Next, for each of the tasks in your shortlist, determine which KPI it relates to, if any, and how strongly it influences that KPI. This simple method will help you prioritize the tasks that matter most to both users and the company.
Consider competitive tasks
Your product isn’t the only one your users will interact with. Competitive benchmarking places your data in the broader context of your industry, helping you see how well your experience holds up against both direct and indirect competitors.
Your competitors likely cover much of the same core functionality as your product, but they may also offer services or features you haven’t considered. Every competitor has unique value propositions, whether competing on price, features, or specific customer segments.
Most teams will begin with a baseline benchmark focused solely on their own product. Competitive benchmarking adds complexity, but it’s worth at least thinking about how to build flexibility into your study design for future iterations. Even if you’re not ready to implement competitive comparisons right away, having a plan will prepare you to answer the inevitable question from stakeholders: “How do we compare to the rest of the industry?”
While industry benchmarks are sometimes available from third-party services, they often lack the specificity needed to inform your product decisions. The most valuable data comes from directly benchmarking your competitors, using tasks and metrics tailored to your product’s unique goals. This approach will produce far more actionable findings than generic industry data.
Competitive benchmarking reveals where your competitors may excel and where you might have an advantage. More importantly, it reveals opportunities to improve the user experience that might otherwise be missed. For example, if a competitor incentivizes automatic payments with a monthly discount, that could inspire a quick solution to boost adoption of your own payment services.
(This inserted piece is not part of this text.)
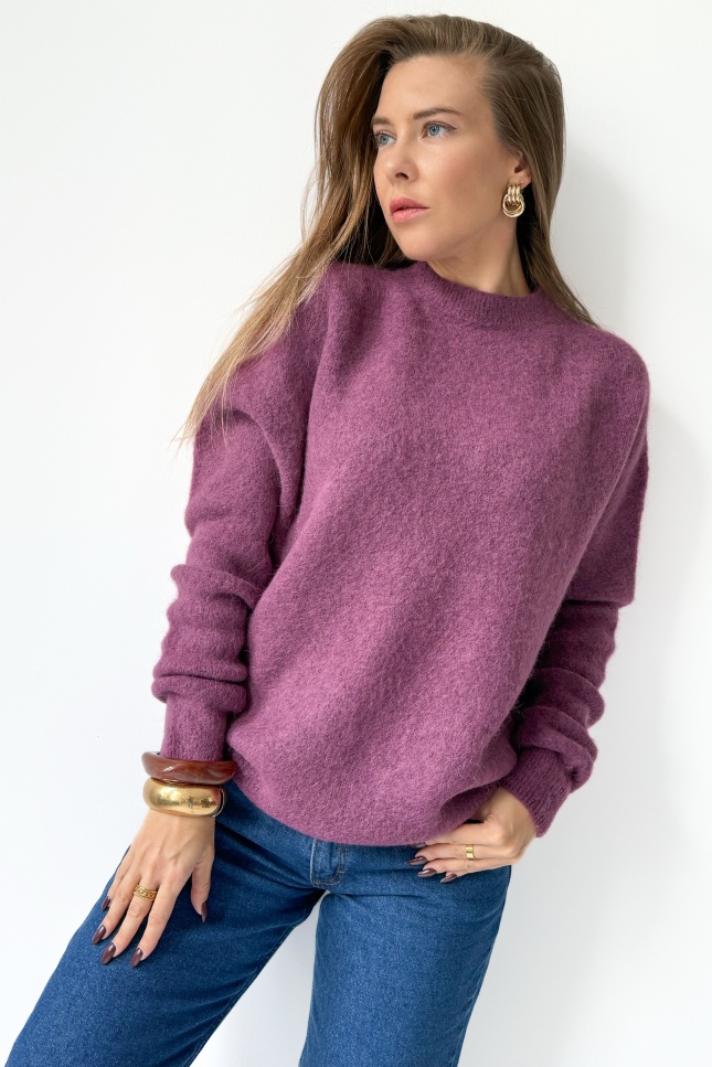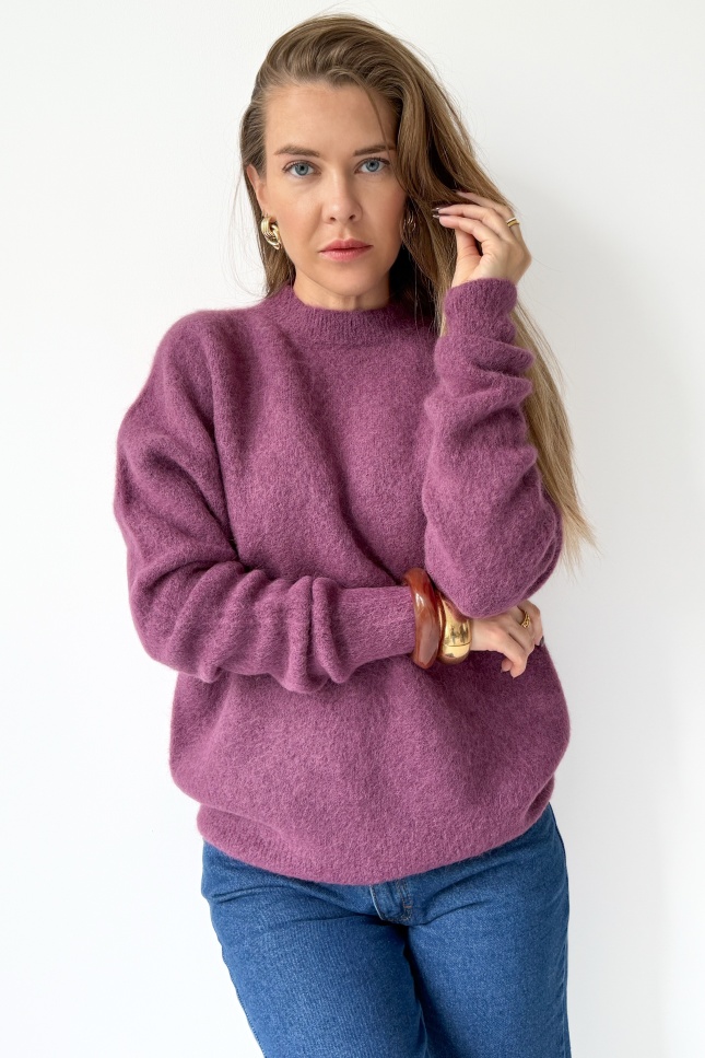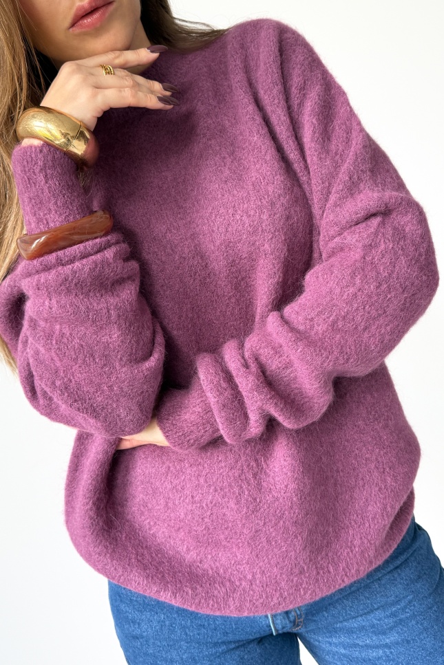 Soft baby alpaca sweater and virgin wool Velvet plum

By collecting this data, you empower your team to make informed, strategic decisions that improve both your product and your competitive edge.
Present tasks clearly to participants
Once you’ve prioritized the tasks, the next step is structuring their presentation in the study. This includes drafting clear task scenarios, determining start and end points, and success criteria.
In unmoderated sessions, participants are on their own—there’s no facilitator on hand to clarify instructions or troubleshoot technical issues. For this reason, stress-testing your tasks is essential. Every word matters, and instructions should be vetted by pilot testers (even, if necessary, colleagues) who are unfamiliar with the study’s goals. This makes sure the tasks are clear for all participants, even those with no prior knowledge of the product or task.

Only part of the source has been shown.